During a November 6 press conference organised by the ministry and titled the “Crackdown on Illegal Mining Business”, Ung Dipola, director-general of Mineral Resources at the Ministry of Mines and Energy, announced that Renaissance Minerals (Cambodia) Ltd – an Australia-based company – had produced 807 gold doré bars weighing a total of 12,537kg as of November 3. 

He also noted that Rong Cheng Industrial Investment (Cambodia) Co Ltd – a Chinese company – had produced 12 bars weighing approximately 22.28kg.

He stated, “Renaissance Minerals’ operations are progressing according to plan. However, Rong Cheng encountered problems when they began underground digging, as their tunnels experienced water leakage after intersecting with illegal mining tunnels. This has seriously affected their production cycle.”

According to Dipola, the ministry is committed to ending illegal gold mining activities and promoting legal operations, as licensed businesses offer significant benefits, including job creation, environmental protection, community development and contributions to national revenue.

Hong Vanak, an economist at the Royal Academy of Cambodia, told The Post on November 7 that while gold mining businesses currently do not generate substantial non-tax revenue (special taxes) for the economy, they have contributed to job creation and technical training for skilled workers.

He noted that some companies lack the capability to extract gold with 99% purity, requiring them to process the gold abroad, resulting in lost potential revenue for the country.

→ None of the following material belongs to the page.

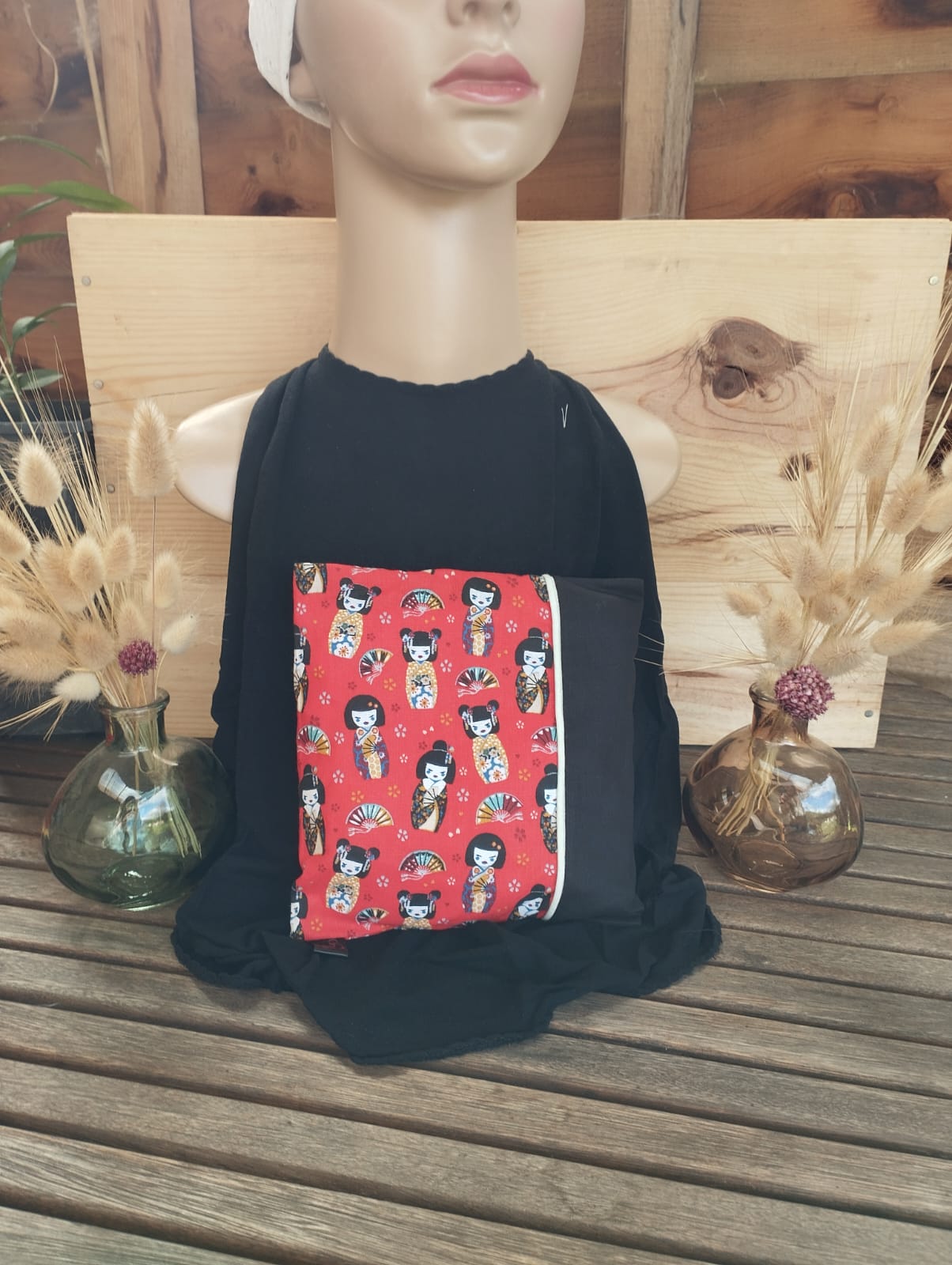 La base de la bouillotte en coton + noyaux de cerises

He stated, “If all investment companies could extract gold at a purity level of 99%, it would be highly beneficial, allowing the government to collect even more taxes.”

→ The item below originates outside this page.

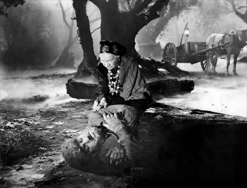Those themes of marked tragedy and duality are also carried over into the fascinating gypsy characters, fortune teller Maleva (Maria Ouspenskaya) and her son Bela (Bela Lugosi), who in so many ways merge with the family Talbot – Sir John and Maleva. Both have afflicted sons with dual natures they cannot control (and conditions that are not their fault), both have quite a few thoughts about it, and both sons will die. Sir John believes in science, god and psychology; he believes men can be so influenced by superstitious folklore, and that a normal individual can imagine himself so strongly that he thinks he’s becoming a monster. Maleva believes in the folklore, for she has seen it first-hand, but her acceptance and directness, and also the protection of her son (which leads to an attempt to protect Larry – as much as she can), mirrors Sir John. The toney Welsh family and the traveling gypsies are not too far removed – they are individuals and they are unique. They stick out. You get a sense many in the town suspects something about the Talbots in a negative way (cursed?), and in the gossipy townsfolk’s busy-body averageness, they talk about it. When Larry does in fact turn into the Wolf Man and wreaks havoc at night, some are quick to “know” – to know something; that they suspected murder within this family in the first place. And without proof. One woman sneers: “Very strange there were no murders before Larry Talbot arrived… I know what I know. You should have seen the way he looked at me in Conliffe’s shop. Like a wild animal. With murder in his eyes.”

Commenting on international gold market prices, which have risen over the past few years, Vanak noted that Cambodia, as a country with gold resources, is certainly benefiting from this trend.

However, he urged the government and investment companies to carefully weigh the potential environmental and health impacts on humans and animals, emphasising the importance of addressing these negative effects.

Lor Vichet, vice-president of the Cambodia Chinese Commerce Association (CCCA), noted that as international gold prices rise, the tax revenue collected by the government from gold mining companies also increases. 

He suggested that investing this revenue in infrastructure development or sending Cambodian students abroad to study mining and gold extraction techniques would greatly benefit the country, enabling it to operate independently in the future.

“The government can use the tax revenue from the mining business to develop human resources, build infrastructure and invest in energy sectors to attract more foreign investment into Cambodia,” he said.

Currently, 10 companies in Cambodia hold licenses for gold mining operations. These include Renaissance Minerals (Cambodia) Ltd and Rong Cheng Industrial Investment (Cambodia) in Mondulkiri province; Xinshan Industrial (Cambodia) and Delcom (Kampuchea) Pte Ltd in Preah Vihear; Jiangxia Mining Energy Development Co Ltd in Kratie; Late Cheng Mining Development Co Ltd and Cambodian K88 Industry Co Ltd in Kampong Thom; Phu Yang (Cambodia) Co Ltd in Battambang; and Oriental Wisdom Consulting Services (Cambodia) Investment Co Ltd and Mesco Gold (Cambodia) Ltd in Ratanakkiri.

On November 6, ministry secretary-general Ung Ieng urged citizens involved in illegal gold mining, particularly in Mondulkiri, to cease their activities immediately. 

He highlighted that illegal mining has resulted in significant national resource loss, public health and safety concerns and environmental damage.

The country commenced official gold extraction in June 2021 with Renaissance Minerals. By the end of 2023, the country had mined approximately 9.6 tonnes of gold – about 1,126 bars – generating about $15.5 million in non-tax revenue.